Song by Jackson do Pandeiro
- Recorded: 1959
- Genre: Samba
- Songwriters: Gordurinha [pt]; Almira Castilho;

= Chiclete com banana (song) =

1959 song written by Gordurinha and Almira Castilho

"Chiclete com banana" is a song written by Gordurinha and Almira Castilho and recorded in 1959 by Jackson do Pandeiro, who popularized the song. The title means "chewing gum and banana," which refers to American and Brazilian music.

Since 1959, the song has been covered by Gilberto Gil, Tania Maria, and others.
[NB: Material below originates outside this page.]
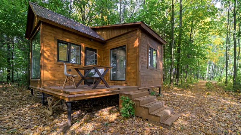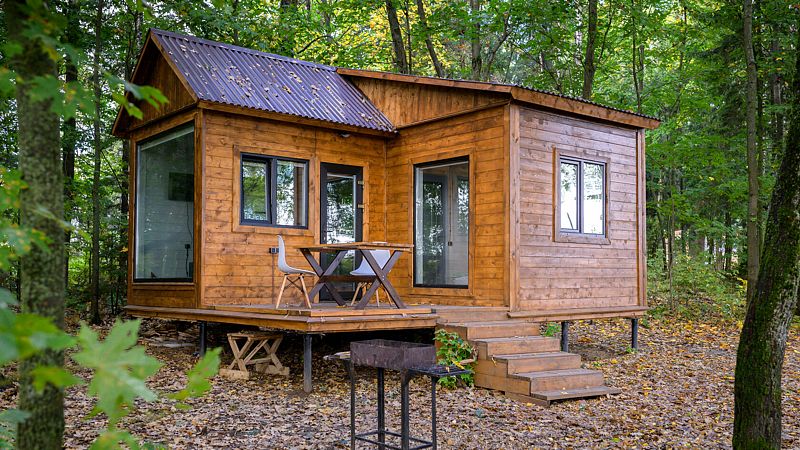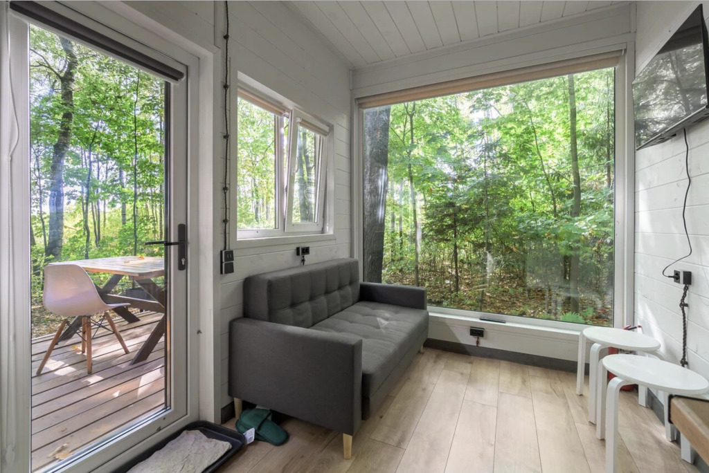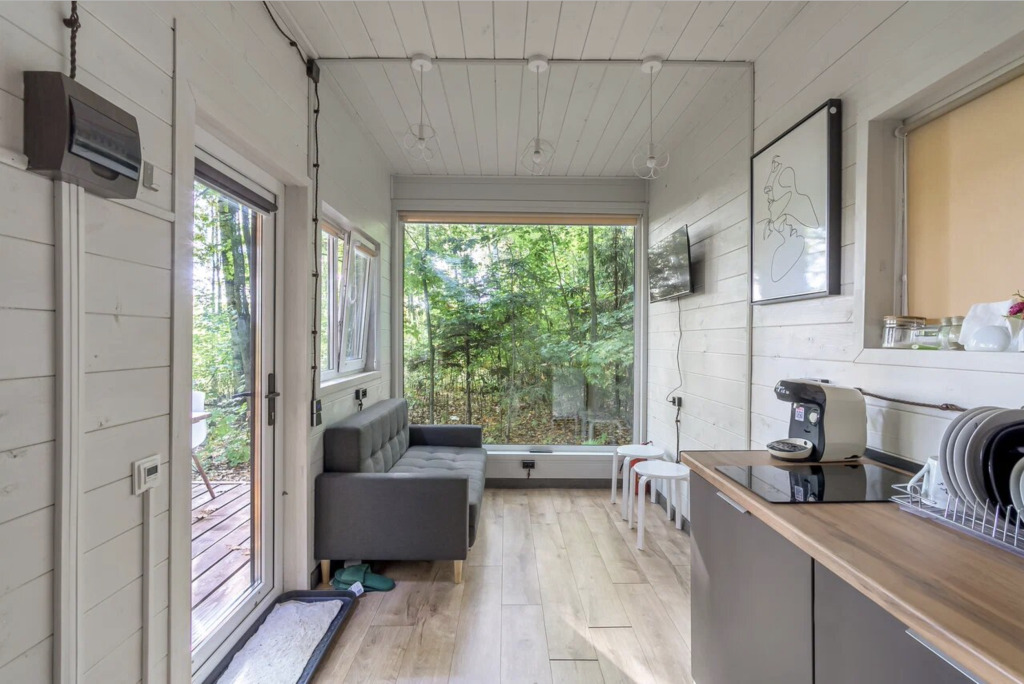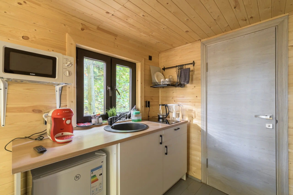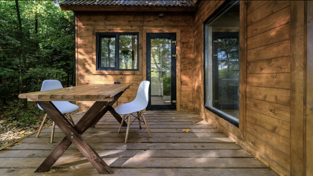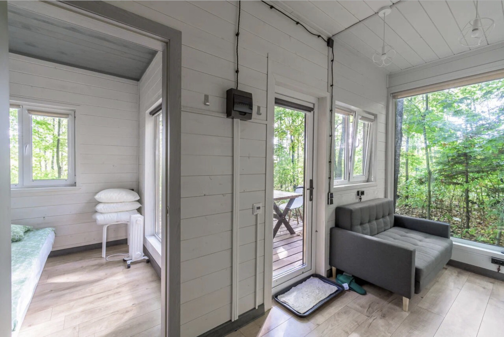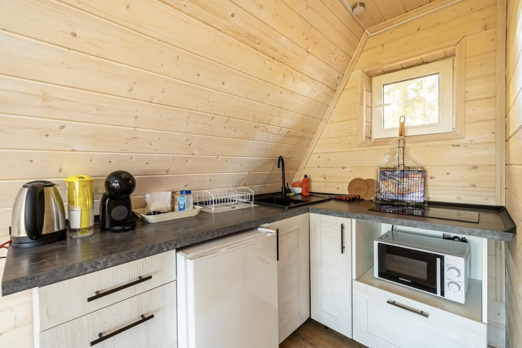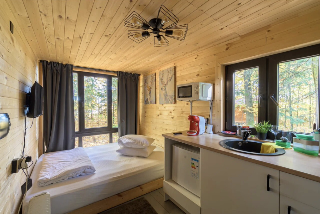 Двухуровневый домик (24 кв.м.) с панорамными окнами и красивым видом. Рассчитан на максимальное размещение 4 человек
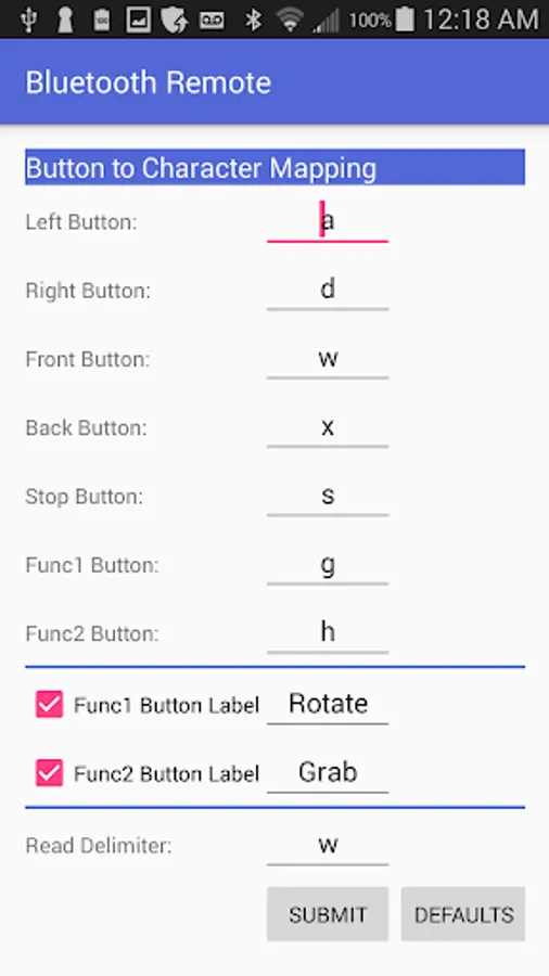 - Any changes to the button-to-character mapping are saved when 'Submit' is clicked; 'Default' reverts to original values

It is thought to be among the first songs composed in the style of samba rock.

The lyrics, states the singer's fantasy of seeing American and Brazilian music joined, bebop in samba, Uncle Sam playing the tamborim, a small folk drum. Uncle Sam has to learn that samba isn't rhumba (a Cuban dance). The singer will, in his or her samba, join two iconic places: Miami with Copacabana, and two iconic products, Chiclets with bananas. Uncle Sam, playing a frigideira (a metal percussion instrument based on a frying pan), should join a Brazilian batucada, a percussion group.

The song has, as is not uncommon in samba, a nostalgic air. It was in the first half of the twentieth century when Chiclets were a well-known American product in Brazil. It is frequent in samba lyrics that the singer discusses what musical or cultural style went into his samba.